Assigned task: Strip the pictures and reproduce the rest of the listing exactly.

○ ○ ○

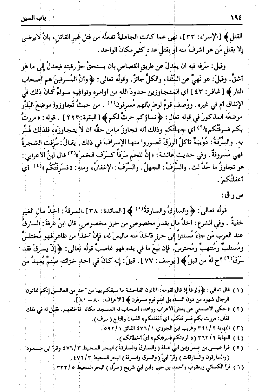 وقيل: سرفه فيه أن يعدل عن طريق القصاص بأن يستحق حز رقبته فيعدل إلى ما هو أشق. وقيل: هو نهيٌ عن المثلة، والكل جائزٌ. وقوله تعالى: {وأن المسرفين هم أصحاب النار} [غافر: 43] أي المتجاوزين حدود الله من أوامره ونواهيه سواءٌ كان ذلك في الإنفاق أم في غيره. ووصف قوم لوطٍ بأنهم مسرفون. من حيث تجاوزوا موضع البذر موضعه المذكور في قوله تعال: {نساؤكم حرثٌ لكم} [البقرة: 223]. قوله: «مررت بكم فسرفتكم» أي جهلتكم وذلك أنه تجاوز ما من حقه أن لا يتجاوزه، فلذلك فسر به. والسرفة: دويبةٌ تأكل الورق تصوروا منها الإسراف في ذلك. يقال: سرفت الشجرة فهي مسروفةٌ. وفي حديث عائشة: «إن للحم سرفًا كسرف الخمر» قال ابن الأعرابي: هو تجاوز ما حد لك. والسرف: الجهل. والسرف: الإغفال، ومنه: «فسرفتكم» أي أغفلتكم.
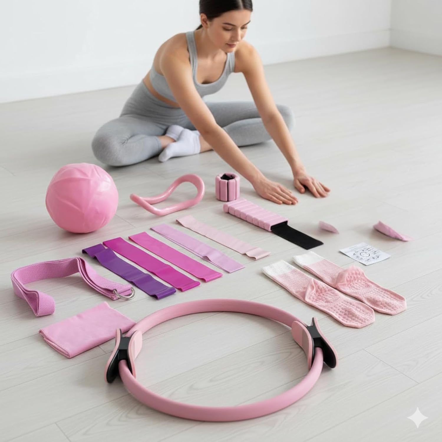 COMPLETE SET: 14-piece Pilates gear set that includes magic circle yoga ring, Pilates ball, adjustable weights, resistance bands, grip socks, and instruction guide
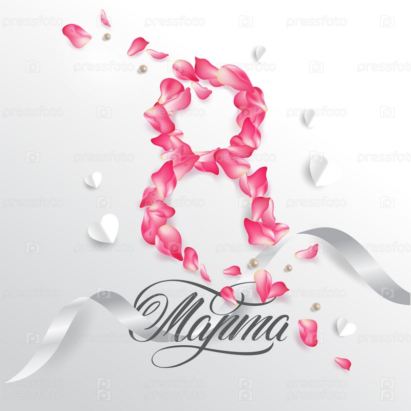 8 марта - Русская красивая надпись на русском языке. 8 марта рукописные надписи с нежными розовыми цветами, типографский векторный дизайн для поздравительных открыток и плакатов
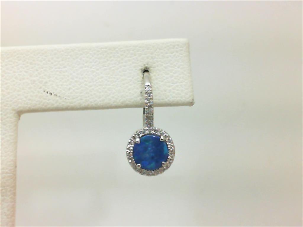 LADY'S WHITE 14 KARAT LEVER BACK EARRING EARRINGS WITH 0.14TW ROUND DIAMONDS AND ROUND OPALS
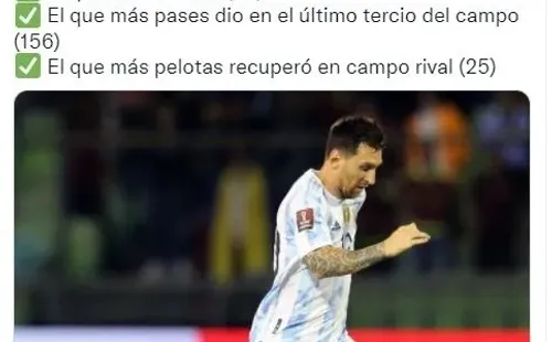 El primero en tener espacio en las redes sociales de la Conmebol fue el astro argentino, quien se destaca por ser el futbolista de su selección con más hambre de gol, ya que remató 28 veces a arco rival. Además, por su velocidad, fue el que más pelota recuperó en arco rival; lo hizo en 25 ocasiones.
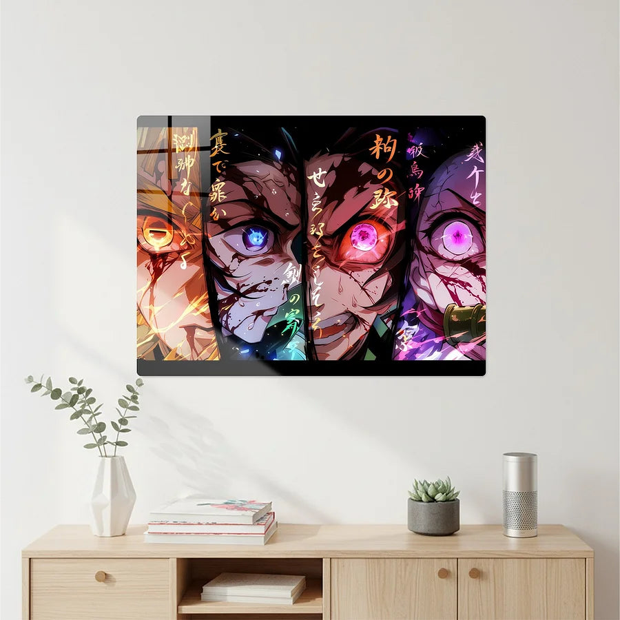 This is a close-up, split-panel image featuring four characters from the anime "Demon Slayer: Kimetsu no Yaiba," each with intense expressions and glowing eyes, depicted with blood splatters and tears. From left to right: 1. **Zenitsu Agatsuma** is shown with his left eye glowing bright yellow/orange, surrounded by yellow lightning-like energy and tears of blood. Japanese text runs vertically next to him. 2. **Inosuke Hashibira** is depicted with his right eye glowing blue with a distinct pattern in the pupil, also with blood splatters and tears. Japanese text runs vertically above his head. 3. **Tanjiro Kamado** is shown with his left eye glowing red/pink, with a similar pattern in the pupil, and visible blood and sweat/tears on his face. Japanese text runs vertically above his head. 4. **Nezuko Kamado** is depicted with her right eye glowing bright pink/purple, with a similar pupil pattern, blood splatters, and her bamboo muzzle visible on the lower right. Japanese text runs vertically above her head.

○ ○ ○

Task output:
 وقيل: سرفه فيه أن يعدل عن طريق القصاص بأن يستحق حز رقبته فيعدل إلى ما هو أشق. وقيل: هو نهيٌ عن المثلة، والكل جائزٌ. وقوله تعالى: {وأن المسرفين هم أصحاب النار} [غافر: 43] أي المتجاوزين حدود الله من أوامره ونواهيه سواءٌ كان ذلك في الإنفاق أم في غيره. ووصف قوم لوطٍ بأنهم مسرفون. من حيث تجاوزوا موضع البذر موضعه المذكور في قوله تعال: {نساؤكم حرثٌ لكم} [البقرة: 223]. قوله: «مررت بكم فسرفتكم» أي جهلتكم وذلك أنه تجاوز ما من حقه أن لا يتجاوزه، فلذلك فسر به. والسرفة: دويبةٌ تأكل الورق تصوروا منها الإسراف في ذلك. يقال: سرفت الشجرة فهي مسروفةٌ. وفي حديث عائشة: «إن للحم سرفًا كسرف الخمر» قال ابن الأعرابي: هو تجاوز ما حد لك. والسرف: الجهل. والسرف: الإغفال، ومنه: «فسرفتكم» أي أغفلتكم.
 COMPLETE SET: 14-piece Pilates gear set that includes magic circle yoga ring, Pilates ball, adjustable weights, resistance bands, grip socks, and instruction guide
 8 марта - Русская красивая надпись на русском языке. 8 марта рукописные надписи с нежными розовыми цветами, типографский векторный дизайн для поздравительных открыток и плакатов
 LADY'S WHITE 14 KARAT LEVER BACK EARRING EARRINGS WITH 0.14TW ROUND DIAMONDS AND ROUND OPALS
 El primero en tener espacio en las redes sociales de la Conmebol fue el astro argentino, quien se destaca por ser el futbolista de su selección con más hambre de gol, ya que remató 28 veces a arco rival. Además, por su velocidad, fue el que más pelota recuperó en arco rival; lo hizo en 25 ocasiones.
 This is a close-up, split-panel image featuring four characters from the anime "Demon Slayer: Kimetsu no Yaiba," each with intense expressions and glowing eyes, depicted with blood splatters and tears. From left to right: 1. **Zenitsu Agatsuma** is shown with his left eye glowing bright yellow/orange, surrounded by yellow lightning-like energy and tears of blood. Japanese text runs vertically next to him. 2. **Inosuke Hashibira** is depicted with his right eye glowing blue with a distinct pattern in the pupil, also with blood splatters and tears. Japanese text runs vertically above his head. 3. **Tanjiro Kamado** is shown with his left eye glowing red/pink, with a similar pattern in the pupil, and visible blood and sweat/tears on his face. Japanese text runs vertically above his head. 4. **Nezuko Kamado** is depicted with her right eye glowing bright pink/purple, with a similar pupil pattern, blood splatters, and her bamboo muzzle visible on the lower right. Japanese text runs vertically above her head.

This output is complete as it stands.